WO9926764 discloses a technique wherein an abrasive liquid is sprayed onto the workpiece, via a nozzle. "Abrasive liquid" is in this context intended to mean a liquid which can be used to grind a surface to a relatively high roughness or to polish it to a lower roughness. WO992674 further discloses that the abrasive liquid provides controlled working of the surface of the workpiece, in particular, at relatively low pressures, such as 50 bar or lower. The abrasive liquid, which preferably contains abrasive particles, has a relatively low velocity at these low pressures, so that material is removed in a controlled manner. In one embodiment, abrasive liquid used is water containing 10 vol% silicon carbide particles with a size of approx. 20 micrometer as the abrasive, to polish a surface of BK7 In addition, it is known to provide a device for cutting glass using a high-speed jet of liquid in the order of magnitude of 2000 bar.

Fluid jet polishing results in nice polishing properties since the machining area can be very small, and a beam profile of the jet, due to the randomness of the polishing process, provides smooth transitions outside machining areas. In this context, a "machining area" is the part of a surface of an object where the fluid jet actively impacts the object. Furthermore, the technique is suitable to follow substantial inclinations of the surface to be machined, such as sharp corners and steep slopes.

However, a desire exists to further decrease the surface roughness due to the polishing operation. To that end, the invention provides a method for machining a workpiece surface, in which a machining area of the workpiece surface is machined under the influence of a polishing operation; the method comprising providing a fluid jet of abrasive liquid for impacting the machining area, wherein the fluid jet is arranged to break up in droplets prior to impacting the machining area.

A non limiting explanation why this may provide improved polishing results is, that in a constitution with a fluid jet that is broken up in droplets prior to impacting the machining area, the abrasive particles are better surrounded by the fluid in the droplets, due to the surface tension properties of the droplets, than in a constitution with the fluid jet in a continuous jet form, which is a jet of fluid moving as a continuous elongate fluid volume, which is not broken up in smaller droplets prior to impacting the machining area. In the latter constitution, due to turbulent air mixing with the fluid jet, the abrasive particles impact the surface with too high force and may affect the polishing result. Further advantageous embodiments of the invention are represented in the subclaims.

The invention will now be further elucidated with reference to an exemplary embodiment represented in a drawing.

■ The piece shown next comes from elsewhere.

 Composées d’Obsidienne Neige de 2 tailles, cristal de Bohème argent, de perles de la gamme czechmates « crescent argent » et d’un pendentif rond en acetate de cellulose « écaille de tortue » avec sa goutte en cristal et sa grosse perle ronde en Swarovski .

In the drawing:

Figure 1 shows a schematic perspective view of a machining apparatus according to the invention; and Figure 2 shows a schematic side view of the tooling setup of Fig. 1

Figure 3 shows a schematic impression of a chamber wall of Figure 2; and

Figure 4 shows another schematic impression of the chamber wall of Figure 2.

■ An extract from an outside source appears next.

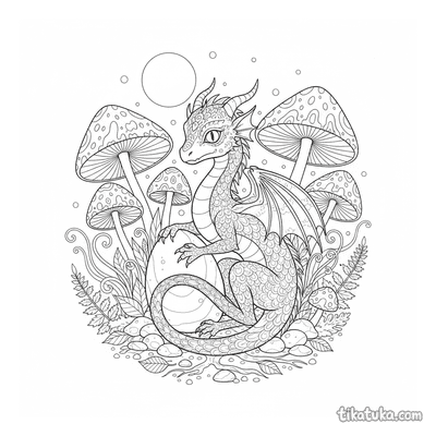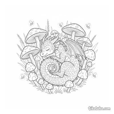 Dragón del Bosque Durmiendo en Anillo de Hongos

With reference to Figure 1, a machining apparatus 1 is shown having a polishing tool designed as a fluid jet-polishing device 2, in this example, rotatably mounted. The axis of rotation is transversal, preferably perpendicular to the machining surface 7, i.e. preferably parallel to a normal direction of the surface. The machining apparatus 1 further comprises a workpiece table 4 on which a workpiece 5 of e.g. BK7 is clamped which can be machined with the aid of a jet of polishing liquid 6 leaving a nozzle 3 of the fluid jet polishing device 2. The polishing fluid comprises, for instance, a slurry of 90 volume percent water and 10 volume percent of silicon carbide particles, each with a diameter of approximately 5 μm, which, via a spout nozzle with a cylindrical diameter of approximately 1.5 millimetre and a length of approximately 15 to 22 millimetres is spouted, at a pressure of approximately 5 bar, from a distance of approximately 3 cm at an acute angle onto the work piece 5, so that a substantially round area to be machined 7 is formed in the work piece surface 8. The workpiece table 4 and the fluid jet device 2 are disposed so as to be movable relative to each other with the aid of a table and/or nozzle control mechanism (not shown) which is numerically controlled by a central processing unit 9, so that the area to be machined 7 can be displaced over the workpiece surface 8. Further, the central processing unit 9 may be coupled to a measurement device (not shown) for measuring polishing progress.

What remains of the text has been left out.